### What is being asked:
Using the material below, repeat exactly the lines from the one with "Snyggt guld färger" through the one with "Om zorgverleners aan", ends included, without any images.

### Input:
━━━━
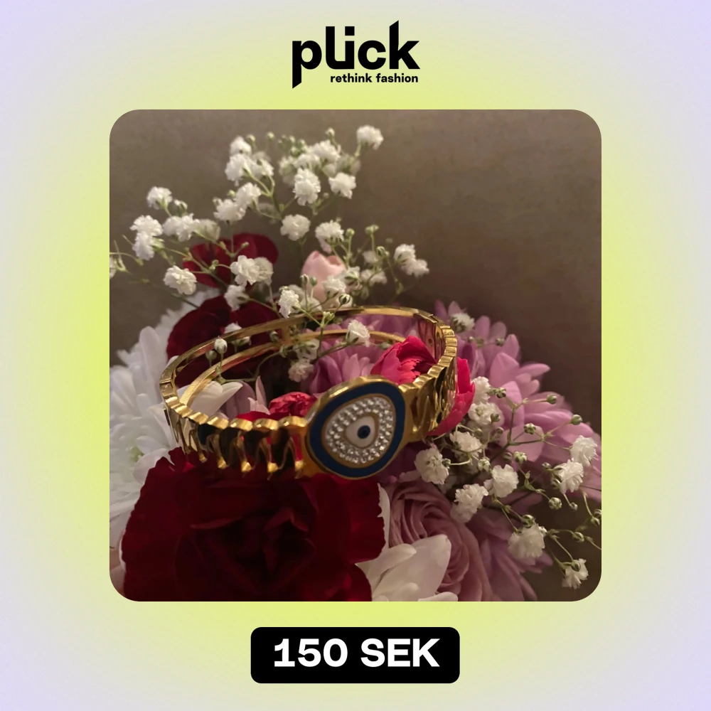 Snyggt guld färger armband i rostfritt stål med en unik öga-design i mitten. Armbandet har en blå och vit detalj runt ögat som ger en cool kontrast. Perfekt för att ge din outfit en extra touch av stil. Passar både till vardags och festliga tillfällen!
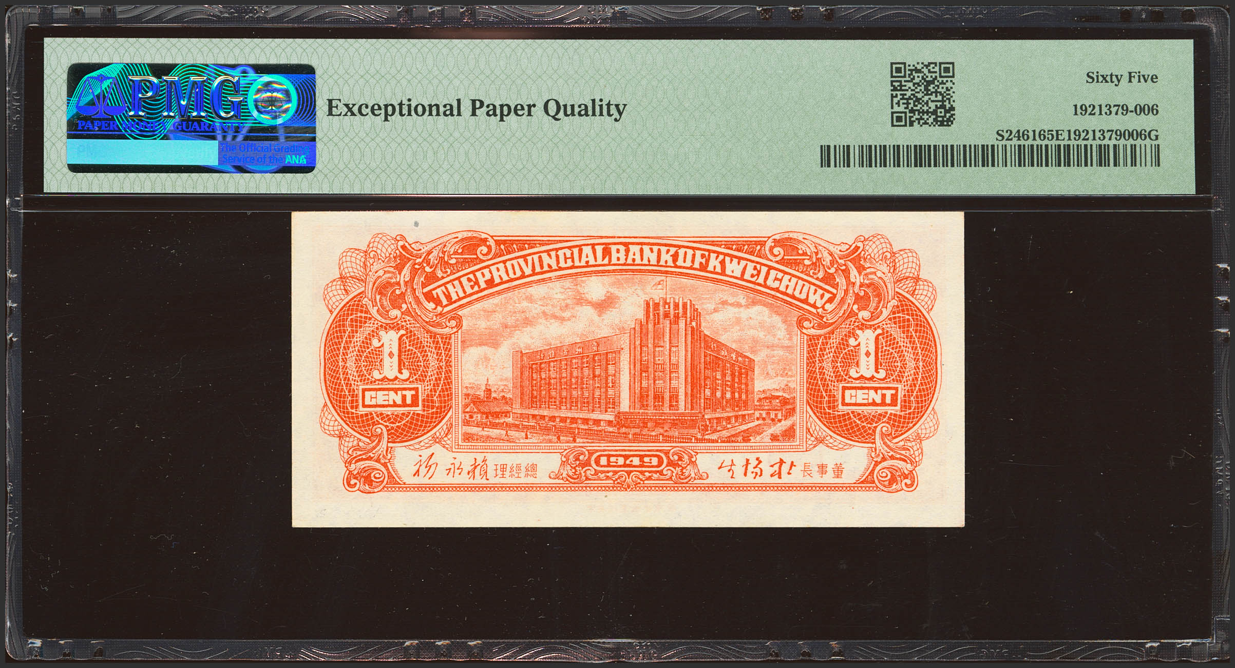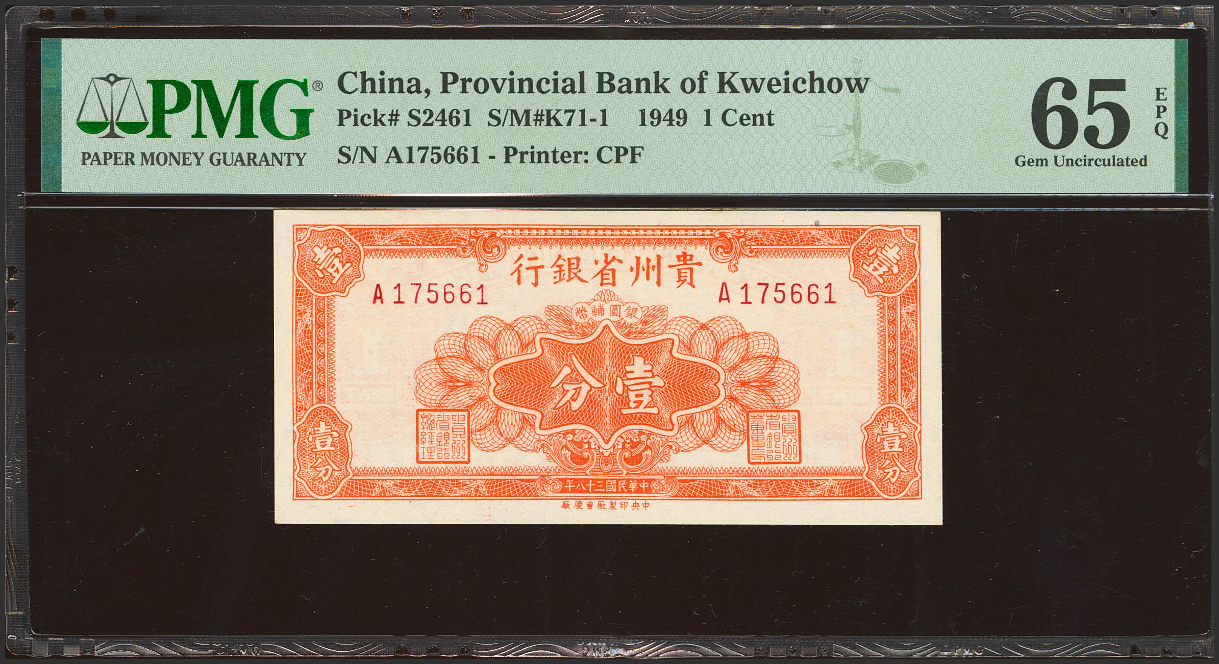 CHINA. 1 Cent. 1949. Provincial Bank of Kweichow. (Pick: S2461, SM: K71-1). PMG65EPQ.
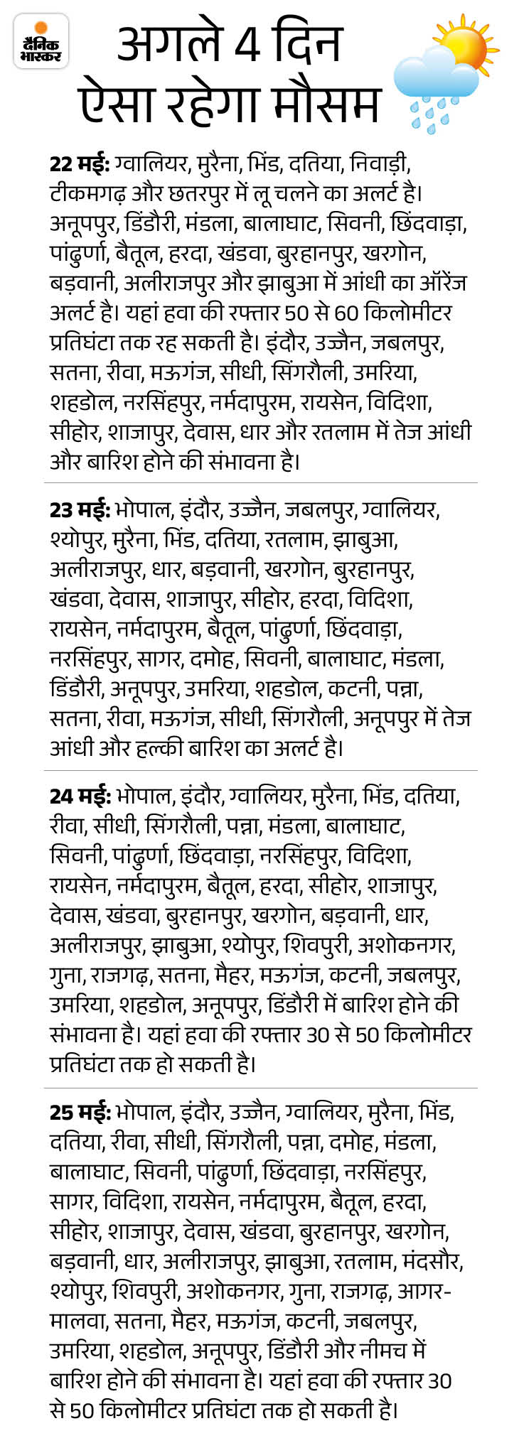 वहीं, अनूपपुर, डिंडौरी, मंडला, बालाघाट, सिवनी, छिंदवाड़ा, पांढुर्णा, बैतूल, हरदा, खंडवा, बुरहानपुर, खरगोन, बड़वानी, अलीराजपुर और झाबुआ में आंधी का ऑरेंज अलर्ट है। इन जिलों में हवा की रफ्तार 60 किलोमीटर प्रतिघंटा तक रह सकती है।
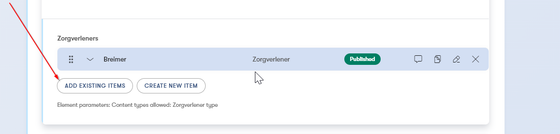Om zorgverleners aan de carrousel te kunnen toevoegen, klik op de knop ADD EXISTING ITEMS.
━━━━
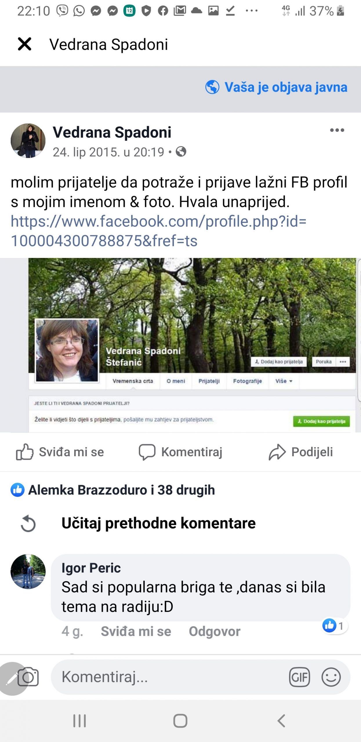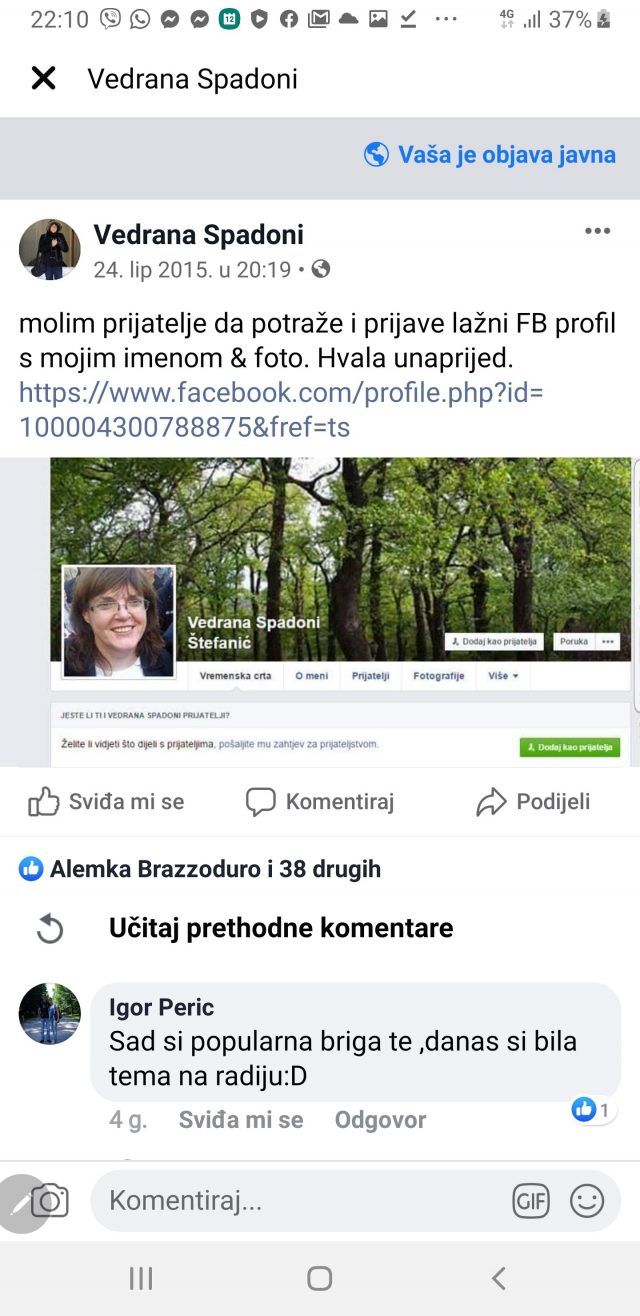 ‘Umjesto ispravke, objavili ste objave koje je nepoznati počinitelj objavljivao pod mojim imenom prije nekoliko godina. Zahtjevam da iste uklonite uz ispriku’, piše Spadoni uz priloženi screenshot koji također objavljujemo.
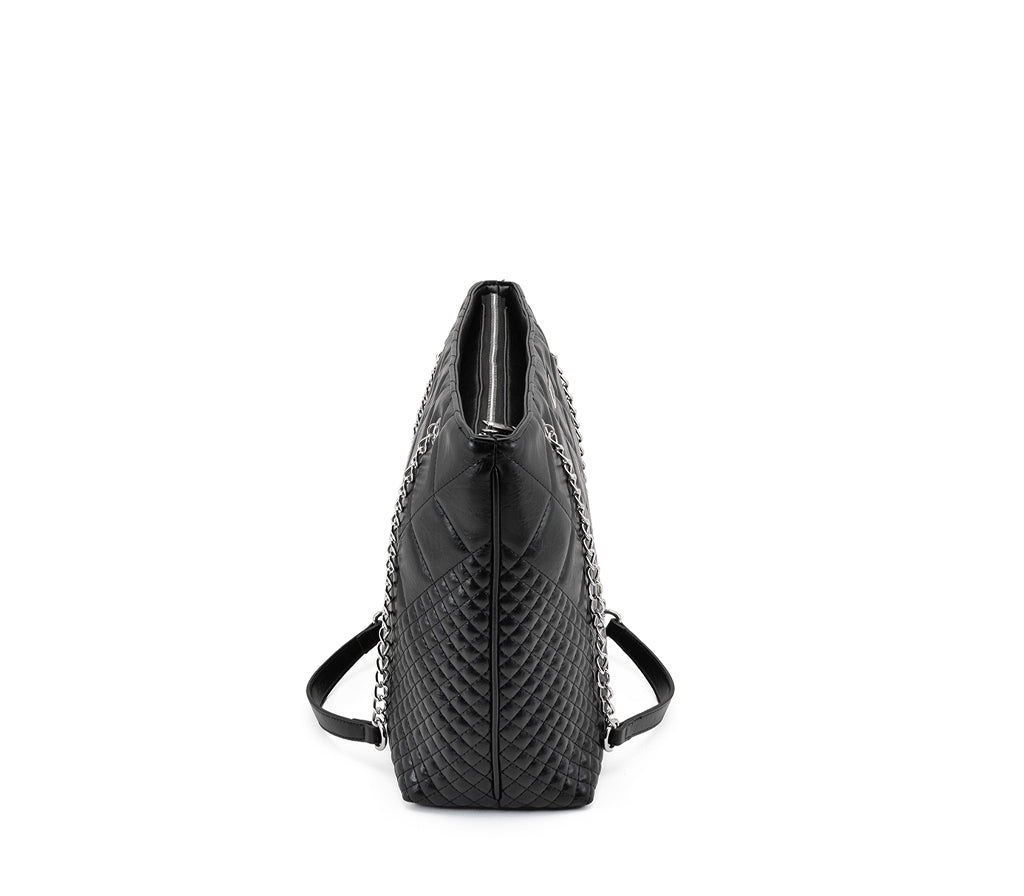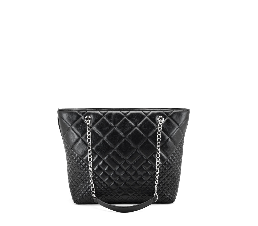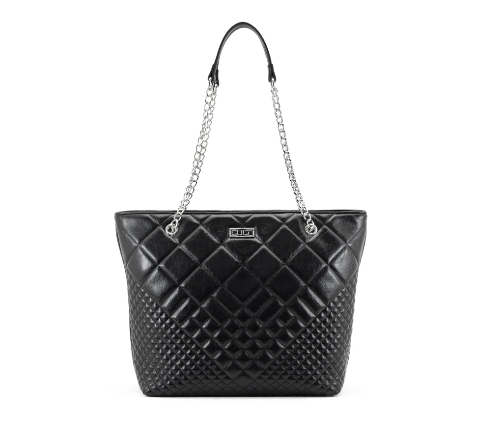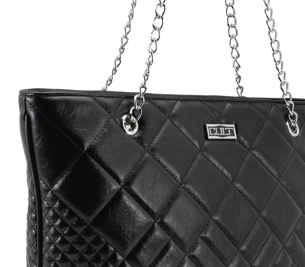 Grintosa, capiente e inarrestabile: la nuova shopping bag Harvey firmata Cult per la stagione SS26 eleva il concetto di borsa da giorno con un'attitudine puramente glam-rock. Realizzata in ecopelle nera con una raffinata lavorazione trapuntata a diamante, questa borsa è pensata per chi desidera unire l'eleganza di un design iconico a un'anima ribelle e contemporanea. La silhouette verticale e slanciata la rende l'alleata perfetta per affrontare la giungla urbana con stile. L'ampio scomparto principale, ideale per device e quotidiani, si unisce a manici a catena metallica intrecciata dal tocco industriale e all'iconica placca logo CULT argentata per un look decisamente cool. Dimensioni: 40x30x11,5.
━━━━
### Output for this exercise:
 Snyggt guld färger armband i rostfritt stål med en unik öga-design i mitten. Armbandet har en blå och vit detalj runt ögat som ger en cool kontrast. Perfekt för att ge din outfit en extra touch av stil. Passar både till vardags och festliga tillfällen!
 CHINA. 1 Cent. 1949. Provincial Bank of Kweichow. (Pick: S2461, SM: K71-1). PMG65EPQ.
 वहीं, अनूपपुर, डिंडौरी, मंडला, बालाघाट, सिवनी, छिंदवाड़ा, पांढुर्णा, बैतूल, हरदा, खंडवा, बुरहानपुर, खरगोन, बड़वानी, अलीराजपुर और झाबुआ में आंधी का ऑरेंज अलर्ट है। इन जिलों में हवा की रफ्तार 60 किलोमीटर प्रतिघंटा तक रह सकती है।
Om zorgverleners aan de carrousel te kunnen toevoegen, klik op de knop ADD EXISTING ITEMS.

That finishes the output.